Similarly for e4defrag. Most other filesystems do not even have a way to
defragment.

Files that are defragmented never move on other filesystems. This can be
true for f2fs as well, but as far as I can see, if formatted with e.g.
-s128, the external fragments will be 256mb in size, which is far more
acceptable than the millions of 4-100kb size fragments on some of my xfs
filesystems.

If I wouldn't copy my filesystems every 1.5 years or so, they would be
horrible degraded. It's very common to read directories with many medium
to small files at 10-20mb/s on an old xfs filesystem, but at 80mb/s on a
new one with exactly the same contents.

I don't think f2fs will intelligently defragment and relayout directories
anytime soon, either, but at least internal and external defragmentation
are being managed.

> Okay, so I think it'd be good to start with:
>  - noatime,inline_xattr,inline_data,flush_merge,extent_cache.

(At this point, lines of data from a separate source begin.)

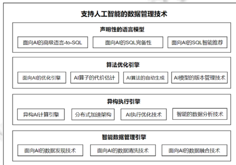
Fig.2 Database management techniques for artificial intelligence

最后,我们对未来基于数据库的人工智能优化技术的发展方向加以展望(见第 5 节).
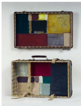
Verena Schönhofer, Packen I, 2004
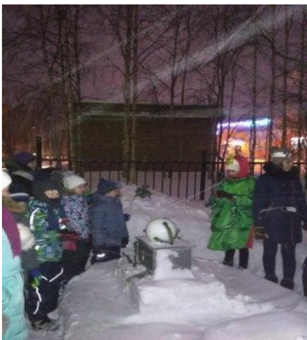
Ребята получают задания от Ёлочки

В конце праздника каждый ребенок получил маленький подарок от Деда Мороза и Снегурочки.
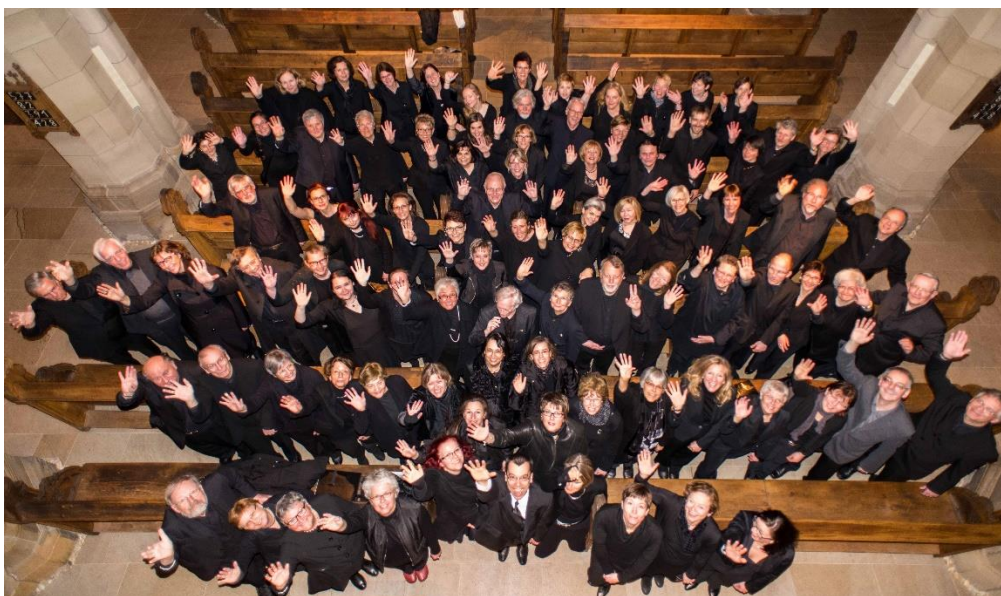
Fotos: Anja Lerch (Foto Arnd Dripte), Klangkraft Orchester (Foto Andreas H. M. Martin), Rudi Gall (Foto Markus Malangeri), Orlandos Erben (Foto Orlandos Erben), Salvatorkantorei (Foto Michael Hüter)
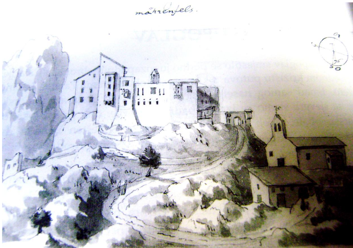
Stari lupoglavski kaštel na veduti Johanna Weikharda Valvasora iz 1679. 3

Lupoglav je nosio razna imena: na njemačkom je jeziku Mahrenfels , Merinvuels , Mernfels . Kod spomena prvih slavenskih kolonista 1100., odnosno u diplomama iz 1102., Benussi pronalazi termin castrum Mahrenfels , dok 1264. govorimo o terminu castrum Lupoglavu . Kranjski bakrorezac, izdavač i polihistor Johann Weikhard Valvasor (1641.-1693.), s kojim je surađivao Pavao Ritter Vitezović, naziv Lupoglav izvodi iz kombinacije riječi lepo i glav , što bi značilo lijepi vrh, te pretpostavlja motiviranost geografskim položajem.
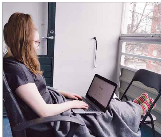
Etäpäiviin saa vaihtelua opiskelemalla eri paikoissa.
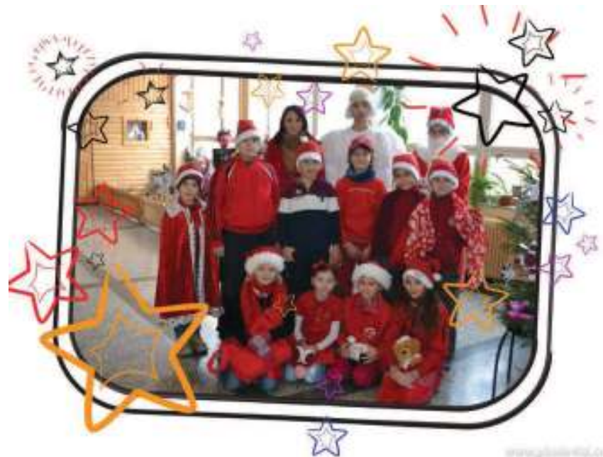
6. miesto – III. SA – 77 ks červeného oblečenia – priemer na žiaka – 11
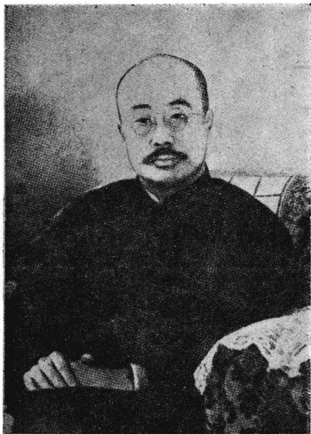
一九四五年在北京
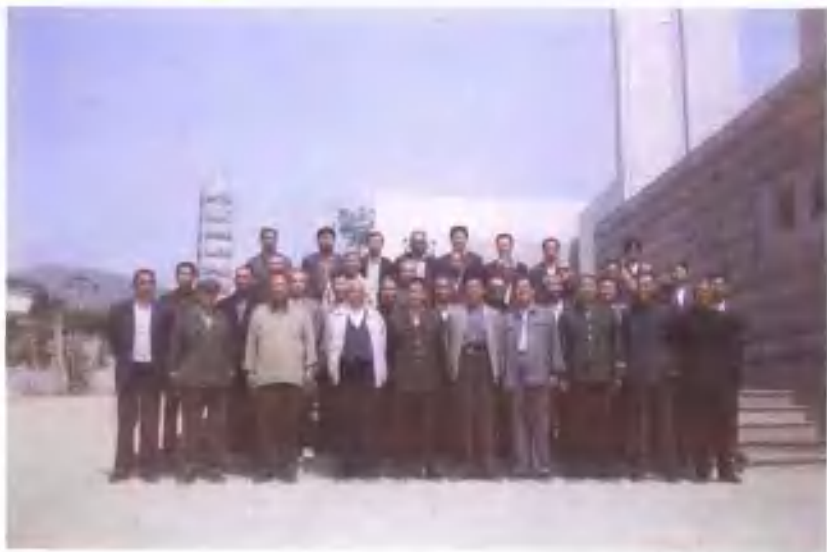
乐亭县军体干部参观潘家戴庄惨案纪念馆合影。
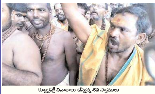
క్యాట్రెన్లో నివాదాలు చేస్తున్న శివ స్వాములు
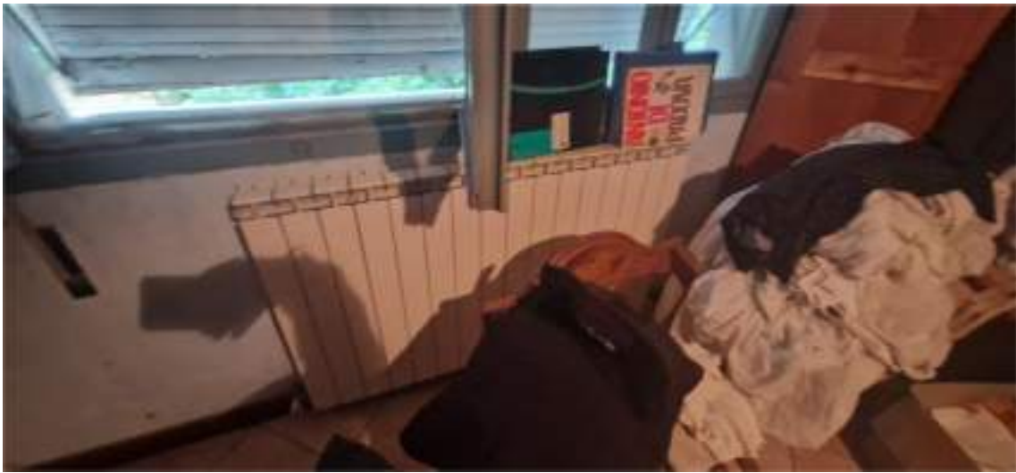
Vista della tipologia di radiatori
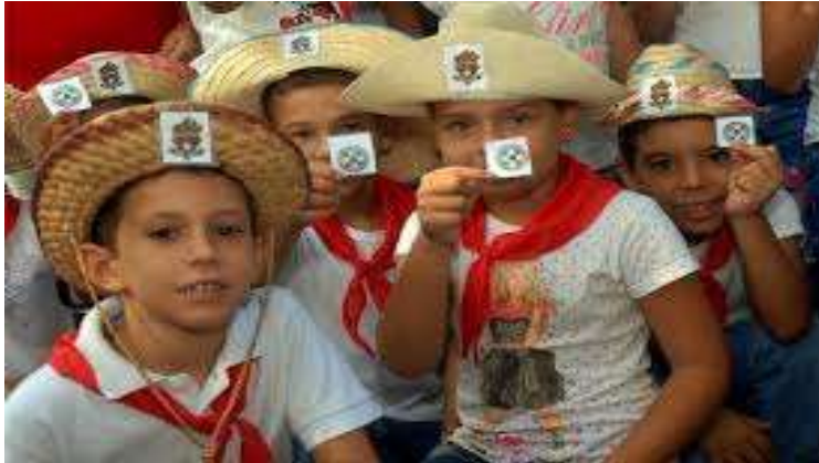
Fig. 3: Estudiantes de la enseñanza primaria mostrando el logotipo del Movimiento de Pioneros Exploradores, que es enseñarlos a sentir pertenencia por lo que defienden.
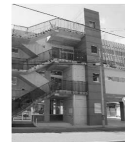
◀3階が「通所リハビリテーションすこやか」です

リニューアルした「すこやか」でリハビリ再開です。 フレッシュな気持ちで頑張りましょう。
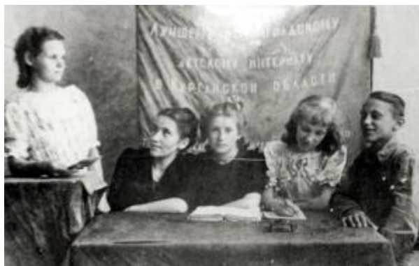
Члены комитета комсомола Ленинградского интерната, эвакуированного в г. Шадринск, 1944 г.

Комсомольцы города в годы войны самоотверженно работали у станков, выдавая продукцию для фронта и тыла, в неурочное время изготавливали инструмент для МТС, помогали колхозам проводить работы, дежурили в госпиталях, создавали тимуровские отряды, помогая семьям фронтовиков. [5, Л. 21-25].
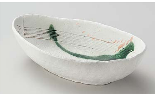
カ244-087 白クシメ楕円大鉢 29×15×8.2cm (20入・陶)
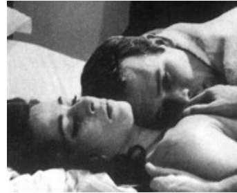
1964 UNA BELLA GRINTA (Una bella Grinta) de Giuliano Montaldo avec Claudine Auger
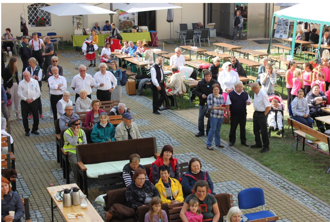
Foto: slavnostní nádvoří
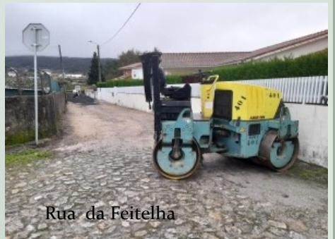
Rua da Feitelha
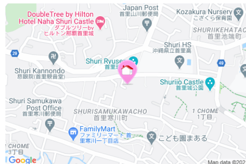
【モノレール】儀保駅／徒歩約15分
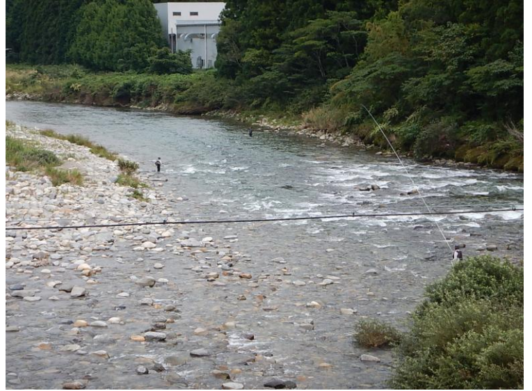
橋の下流。釣り人多数。 水位上昇を察知したら、速やかに川から出てください。
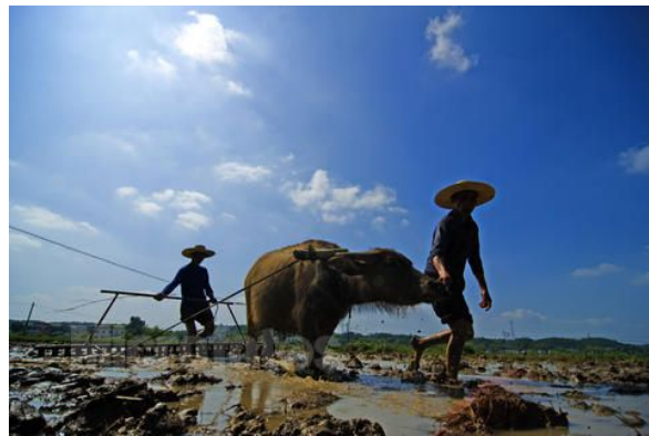
香港最後的耕牛在半世紀前才消失
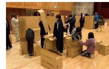
備蓄品（段ボールベッド・間仕切りパネル）を活用した出前講座

エフエムはまなすを通じ災害に関する情報発信を行うほか、出前講座や各種イベントでの緊急告知FMラジオに関する啓発を強化します。
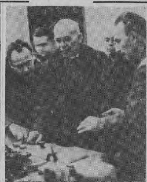
Władysław Gomułka zwiedził w Berlinie w dniu 19 bm. wystawę osiągnięć NRD.
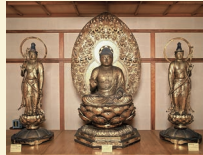
運慶《木造阿彌陀如来及両脇侍像》 1189年、浄楽寺蔵
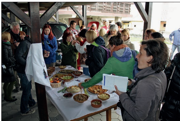
Rimska kulinarika je bila zelo zanimiva za medijske poročevalce sodobnega časa.

V turistični ponudbi bo treba poleg dobre hrane ponuditi gostom tudi dogodke, kjer se bodo srečali z živimi liki iz preteklosti, se lahko z njimi fotografirali in s seboj odnesli kanček naše zgodovine. V ozadju je pogled na pred kratkim urejeno parkirišče pri mitreju, ki bo omogočilo dostop turistov tudi z avtobusi.
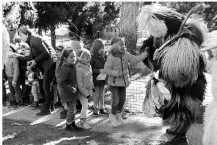
Tradicionalni obisk vrta v Slovenskih Konjicah.
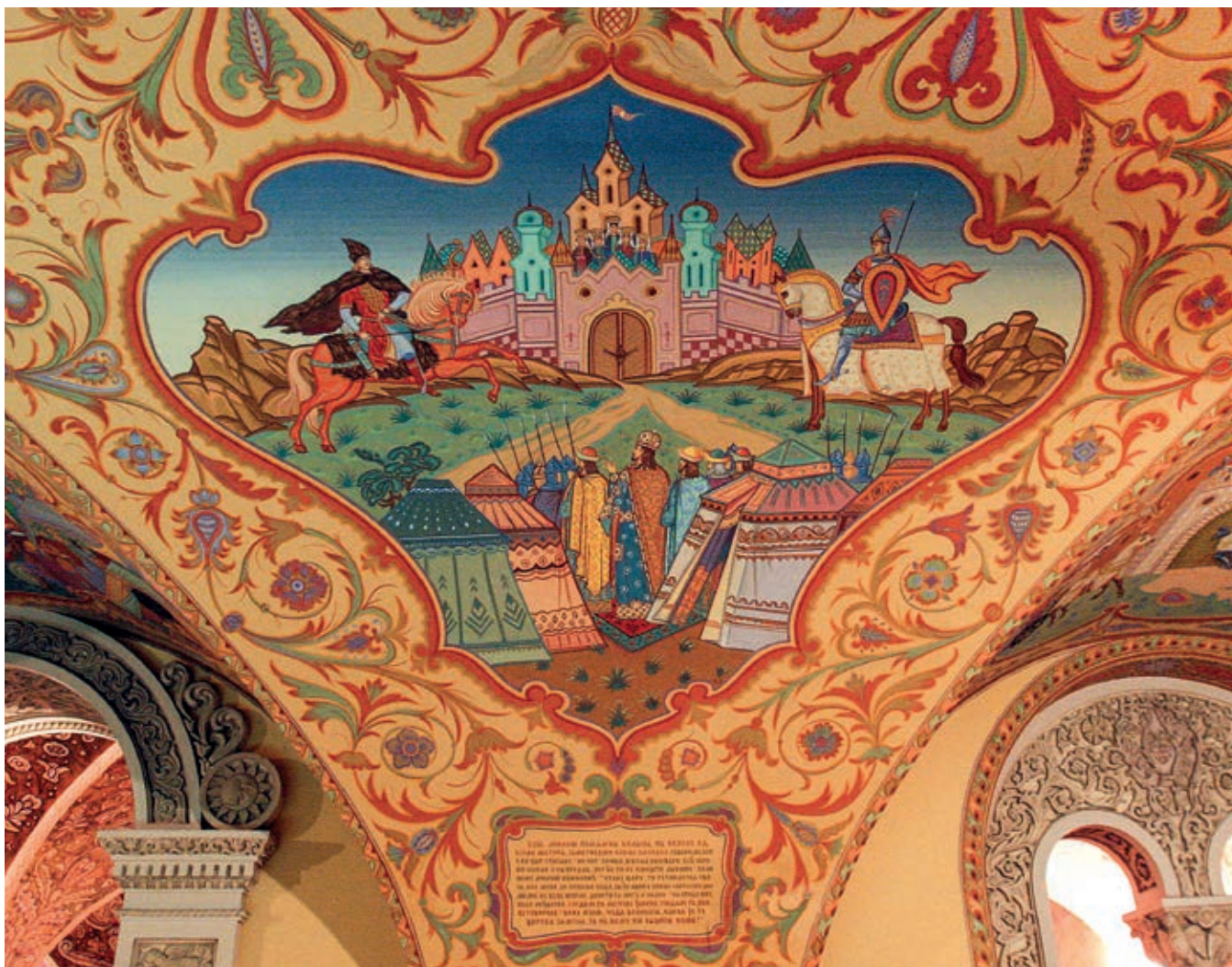
Сл. 94. Сцене из циклуса Женидба цара Душана , сутерен Краљевског двора, Београд, до 1929.

мотива пехара доприносе сугестивној визуелизацији рајског блаженства. И сама архитектонска форма интимне баште са бунаром у средишту кореспондира с репрезентативним унутрашњим двориштима античких резиденција, која су обезбеђивала мир и интиму укућана. У оквирима ранохришћанских и византијских базилика, али и каснијим клаустрима средњовековних самостана, управо је атријум, уз присуство воде у виду кладенца или чесме за ритуално купање, алудирао на блаженства рајског врта са извором живота. 27
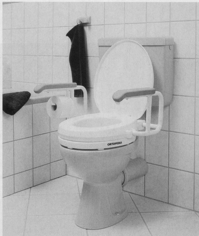
Haltegriffe im Bad, bei der Toilette, erhöhte Sitzflächen für mehr Sicherheit im Alltag.

Handwerker müssen kontaktiert und Kostenvoranschläge kontrolliert werden. Und dann stellt sich die Frage, wie die geplanten Massnahmen finanziert werden sollen. Bei all diesen Schritten berät und unterstützt die Fachstelle Wohnungsanpassung/Wohnberatung in Zusammenarbeit mit der Sozialberatung, beides Dienstleistungen von PSZH, ältere Menschen im gesamten Kantonsgebiet.

I still haven't found the right kernel for my main server, but I did some
preliminary experiments today, with 3.19.8-ckt5 (an ubuntu kernel).

After formatting a 128G partition with "mkfs.f2fs -o1 -s128 -t0", I got
this after mounting (kernel complained about missing extent_cache in my
kernel version):

   Filesystem                Size  Used Avail Use% Mounted on
   /dev/mapper/vg_test-test  128G   53G   75G  42% /mnt

which give sme another quetsion - on an 8TB disk, 5% overprovision is
400GB, which sounds a bit wasteful. Even 1% (80GB) sounds a bit much,
especially asI am prepared to wait for defragmentation, if defragmentation
works well. And lastly, the 53GB used on a 128GB partition looks way too
conservative.

I immediately configured the fs with these values:

   echo 500 >gc_max_sleep_time
   echo 100 >gc_min_sleep_time
   echo 800 >gc_no_gc_sleep_time

Anyways, I write it until disk was 99% utilizied according to
/sys/kernel/debug/f2fs/status, at which write speed crawled down to 1-2MB/s.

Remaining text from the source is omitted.